Former education secretaries gather

Secretary of Education Rod Paige, his four predecessors and former North Carolina Governor Jim Hunt expressed optimism about the state of American education, but said teacher quality, moral learning and school accountability need improvement during Wednesday's Education Leadership Summit.

Held in Geneen Auditorium at the Fuqua School of Business, the forum, which was hosted in commemoration of the 150 years of teacher preparation at the University, featured substantive comments by former secretaries of education Lauro Cavazos, William Bennett, Lamar Alexander and Richard Riley.

Hunt, who now heads the Hunt Institute for Educational Leadership and Policy, moderated the three-hour summit, which featured perspectives from each panelist and a roundtable discussion involving the participants and the audience.

Perhaps the most important contributor to the summit was Paige, who spoke at length about his administration's agenda for education. Praising President George W. Bush's leadership in pushing through the No Child Left Behind Act, Paige repeated his administration's main education goals throughout the forum, including accountability of results, greater flexibility and firmer local control of schools, and expanded parental options for school choice.

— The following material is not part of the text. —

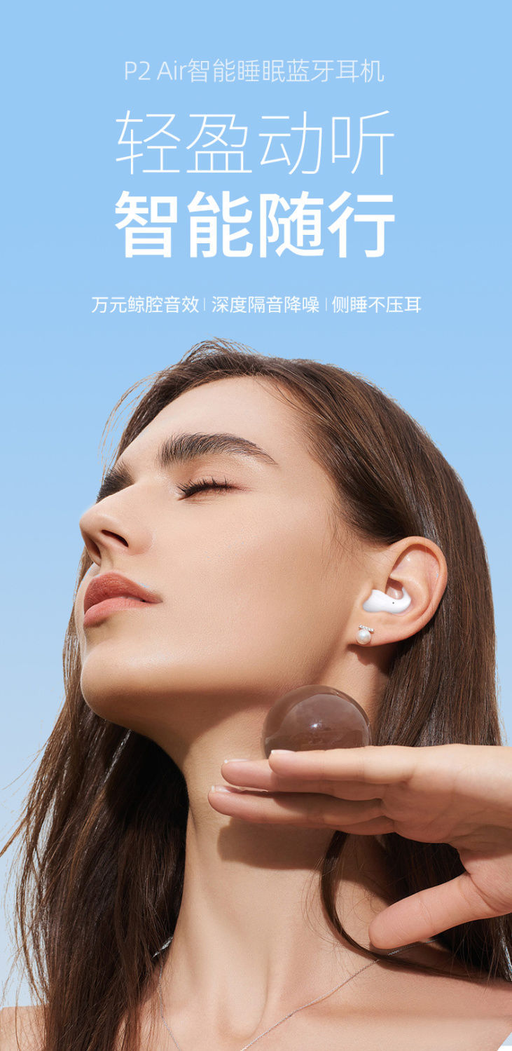 P2 개인 모델 국경 간 수면 블루투스 헤드셋 측면 수면 경량 무선 바이노럴 보이지 않는 미니 긴 배터리 수명 비감각 착용스토어 가기

"Every society has been pleased with educating some of the children," Paige said. "[The Bush administration] is talking about all of the children."

The former secretaries echoed Paige's remarks on the notion of giving all children an opportunity to learn, but Riley cautioned that accountability in education could not be truly achieved until clear standards are enacted in order to judge this accountability. "I believe in standards, but not standardization," the former South Carolina governor said, noting the importance of creative teaching in addition to the expansive testing regime put into place under the recently passed education legislation.

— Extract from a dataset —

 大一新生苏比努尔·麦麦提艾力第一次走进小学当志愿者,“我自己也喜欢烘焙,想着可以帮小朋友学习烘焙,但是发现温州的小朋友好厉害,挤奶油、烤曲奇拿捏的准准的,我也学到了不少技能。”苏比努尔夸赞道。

Meanwhile, Bennett, who heads the Empower America conservative think tank and also has served as director of the Office of National Drug Control Policy, stressed his belief that morality should play a role in the education of children despite opposition to morality-based teaching. He also underscored that teachers must serve as role models for their pupils. "If you want people to learn about morality, then you put them in the presence of people who embody morality," Bennett said.

Riley responded that educators should teach about religion, but should not preach religious values.

Another hot topic that was tackled in the forum was the role that the federal government should play in educating the country's youth. The panelists agreed that more federal dollars should be pumped into local schools, but disagreed about how this funding should be administered and how much the government should oversee local school systems. Departing from his fellow Republicans, Bennett and Cavazos, Alexander called for an even greater increase in the federal commitment to education, contradicting the platform that the Republican Party advocated during his tenure as education secretary, which called for an abolition of the Department of Education.

Alexander also called for far-reaching legislation to improve the quality and accessibility of America's kindergarten through 12th-grade schools, just as the G.I. Bill after World War II made American colleges and universities better and more accessible.

"Why not borrow the horse trade that created the best colleges in the world to create the best schools in the world?" he asked.

Despite his disappointment that some of the main problems that he faced in his term had yet to be solved, Cavazos was generally optimistic about the direction of America's education system. He said he was pleased that the public was paying close attention to educational issues.

"America wants only the very, very best and that is still the main goal," Cavazos said. "Maybe by the end of the decade, we'll be able to reach these goals."